The fight to keep going
This year started off differently for me, and so far it has continued to be different. I woke up 2019 determined to make some changes. The past few years have been a mix of apathy, lethergy, anger, and no motivation to change myself. For whatever reason, I didn't want 2019 to be the same thing. I started reading all kinds of books, figured out how to make running suck less to get to cycling season, and started lifting. Now, I've started tracking what I eat, making better choices for food, and trying to make sure I stay away from soda and things like that. Even beer has been cut down drastically.
The thing is though is that this isn't easy. It's hard to keep going every single day. Even rest days require more thought and planning. So how do you keep it up day and day out?
You only get one body. Treat it like a temple.
Im not to this stage yet, but this is a paraphrased quote from Terry Crews. If you don't know him, he spends hours in the gym every single day. He is also really funny. In one interview he was asked why he spends so much time in the gym. The headline above summarises it pretty well. We don't know what happens when we die, but we do know our bodies don't go with us. But in order to get further in life, you need to take care of your body while you have it. And what motivates me to keep working on it? Well a few things.
- Airplane seats are uncomfortable if you are fat.
- Going outside in the summer and immediately sweating
- Running out of breath just taking the stairs
- Clothes looking bad.
As someone who has done a lot of traveling this year for conferences, I can tell you first hand being squished in an airplane seat is enough on its own. Last night (July 8th, 2019), I went out to an art crawl downtown. It was so much fun. But when I was done, I looked at my shirt and it was covered in sweat. No one wants to see that. It's not a good look. When it comes time to a work out (I prefer cycling), I know that its just an hour of work but it will give me days of fulfillment. There are days I don't want to go, but I put on my shoes and gym shorts, walk over there and even if I just do 20 minutes on the elliptical, that counts to me as effort towards the goal. Same thing with a walk with my dog. A 30 minute walk is good enough to count, and thankfully podcasts and Audible help me make it even better.
Little improvements over big improvements
One book I read detailed the rise of the Team Sky (now Team Ineos) cycling team. The manager, Sir Dave Brailsford, realized something simple: a 1% improvement daily beats a massive improvement once a week. With that, he went to the riders of the team, and started making micro adjustments to how they rode, how their bikes were set up, what they wore. And it paid off. The team became a dominant force in European cycling winning the Tour De France multiple times, along with other major rides. When I heard this, this is what I knew I needed to do. I didn't hit 265 pounds over night, and I wasn't going to hit 200 pounds over night either. 1% improvements were the goal. When I check my weight, seeing the scale move down just .1 pound is enough for a victory. Being able to ride a well ridden route .10 mph faster is a win.

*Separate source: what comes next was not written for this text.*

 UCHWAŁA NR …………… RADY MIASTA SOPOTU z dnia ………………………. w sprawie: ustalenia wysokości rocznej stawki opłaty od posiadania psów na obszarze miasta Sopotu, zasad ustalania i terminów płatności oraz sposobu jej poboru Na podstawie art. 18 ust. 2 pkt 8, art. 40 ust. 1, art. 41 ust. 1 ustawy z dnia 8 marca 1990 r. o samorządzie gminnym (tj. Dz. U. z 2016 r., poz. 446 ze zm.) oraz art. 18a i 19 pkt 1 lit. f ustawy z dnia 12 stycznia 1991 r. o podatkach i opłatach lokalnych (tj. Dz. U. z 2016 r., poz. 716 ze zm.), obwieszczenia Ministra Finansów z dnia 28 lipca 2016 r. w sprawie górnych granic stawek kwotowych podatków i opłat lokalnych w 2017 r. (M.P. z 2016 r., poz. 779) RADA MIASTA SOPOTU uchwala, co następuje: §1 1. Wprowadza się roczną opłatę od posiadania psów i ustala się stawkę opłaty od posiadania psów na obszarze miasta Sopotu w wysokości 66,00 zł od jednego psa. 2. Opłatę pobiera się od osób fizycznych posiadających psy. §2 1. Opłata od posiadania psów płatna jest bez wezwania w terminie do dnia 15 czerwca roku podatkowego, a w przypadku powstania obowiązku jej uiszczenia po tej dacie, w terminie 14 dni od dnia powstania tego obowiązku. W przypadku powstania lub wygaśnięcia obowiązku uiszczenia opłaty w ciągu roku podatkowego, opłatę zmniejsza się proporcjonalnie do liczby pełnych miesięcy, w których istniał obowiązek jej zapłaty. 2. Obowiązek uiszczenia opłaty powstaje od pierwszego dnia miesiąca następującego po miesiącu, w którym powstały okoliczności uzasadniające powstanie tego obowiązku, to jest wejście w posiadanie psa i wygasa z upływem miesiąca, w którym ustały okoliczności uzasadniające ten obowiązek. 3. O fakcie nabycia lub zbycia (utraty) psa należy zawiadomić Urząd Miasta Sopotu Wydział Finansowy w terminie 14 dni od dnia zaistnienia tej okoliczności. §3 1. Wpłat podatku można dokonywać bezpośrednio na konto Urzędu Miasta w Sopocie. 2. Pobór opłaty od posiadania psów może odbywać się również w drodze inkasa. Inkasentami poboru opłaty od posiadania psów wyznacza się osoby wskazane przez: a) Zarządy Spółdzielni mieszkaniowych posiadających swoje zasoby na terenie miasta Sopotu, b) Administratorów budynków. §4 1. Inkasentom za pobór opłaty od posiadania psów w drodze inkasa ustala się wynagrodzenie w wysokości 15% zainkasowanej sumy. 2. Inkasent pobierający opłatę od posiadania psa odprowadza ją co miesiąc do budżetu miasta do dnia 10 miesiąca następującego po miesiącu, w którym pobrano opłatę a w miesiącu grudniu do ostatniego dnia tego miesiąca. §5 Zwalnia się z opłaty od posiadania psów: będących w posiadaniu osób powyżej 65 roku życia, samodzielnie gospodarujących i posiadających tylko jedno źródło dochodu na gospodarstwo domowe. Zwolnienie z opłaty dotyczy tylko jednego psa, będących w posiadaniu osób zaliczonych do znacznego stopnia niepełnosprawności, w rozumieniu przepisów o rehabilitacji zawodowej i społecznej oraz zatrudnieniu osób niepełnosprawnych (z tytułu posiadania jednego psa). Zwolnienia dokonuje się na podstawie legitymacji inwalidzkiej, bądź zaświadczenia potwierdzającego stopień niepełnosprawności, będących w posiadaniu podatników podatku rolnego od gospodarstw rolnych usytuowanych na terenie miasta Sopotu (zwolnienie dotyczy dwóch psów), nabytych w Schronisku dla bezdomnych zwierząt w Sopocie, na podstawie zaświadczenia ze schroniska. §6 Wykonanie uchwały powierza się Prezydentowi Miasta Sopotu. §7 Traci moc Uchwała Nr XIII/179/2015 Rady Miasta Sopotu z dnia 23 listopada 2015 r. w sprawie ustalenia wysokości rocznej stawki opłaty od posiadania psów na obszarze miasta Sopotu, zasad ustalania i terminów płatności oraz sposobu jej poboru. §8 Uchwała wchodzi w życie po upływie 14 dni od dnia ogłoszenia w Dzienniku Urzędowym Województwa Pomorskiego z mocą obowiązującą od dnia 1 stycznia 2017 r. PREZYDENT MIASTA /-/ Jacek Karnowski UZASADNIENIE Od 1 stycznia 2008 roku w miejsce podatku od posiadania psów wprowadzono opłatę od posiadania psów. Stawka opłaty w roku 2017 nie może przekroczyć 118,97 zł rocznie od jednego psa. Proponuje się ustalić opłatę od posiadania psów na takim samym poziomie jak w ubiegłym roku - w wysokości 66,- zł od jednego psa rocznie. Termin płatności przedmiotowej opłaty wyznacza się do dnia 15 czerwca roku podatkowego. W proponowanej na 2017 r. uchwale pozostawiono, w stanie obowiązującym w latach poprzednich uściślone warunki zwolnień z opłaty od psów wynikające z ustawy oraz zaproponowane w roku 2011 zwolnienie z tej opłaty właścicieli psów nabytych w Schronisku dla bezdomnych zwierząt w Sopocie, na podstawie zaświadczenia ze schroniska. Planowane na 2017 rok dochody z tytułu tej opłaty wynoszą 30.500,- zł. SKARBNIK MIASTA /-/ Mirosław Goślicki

Micro improvements seem to be the winner in how I stay motivated. I know over time, these 1% improvements will total up to 10% improvement in speed or a 15% improvement in weight lifted or 20% reduction in sweat.
If you think you can start going to the gym today and by the end of the week deadlift 200 pounds, you are wrong and will lose motivation when you don't hit that goal. Instead, going to the gym now, laying the foundation and improving just ever so much will help you reach that goal of 200 pound deadlifts. How do I get there? I start by doing a set to failure with deadlifting, finding out my limit. Then once I do, every lift after that is just a small amount more. Will I deadlift 200 in a week? No. But I will in a month. In fact I will probably blow through it.
The sense of worth gains
The last thing that keeps me motivated to do all of this is how much my self esteem has risen and how much everything else has decreased. Instead of wallowing in stress, I grab my bike and let a hill take it out of me. When I put on a shirt, instead of it being tight, its now loose. Thats a huge win. And because of that, I feel better. Im not there yet, but I will get there. And hopefully some of this will help you stay motivated as well.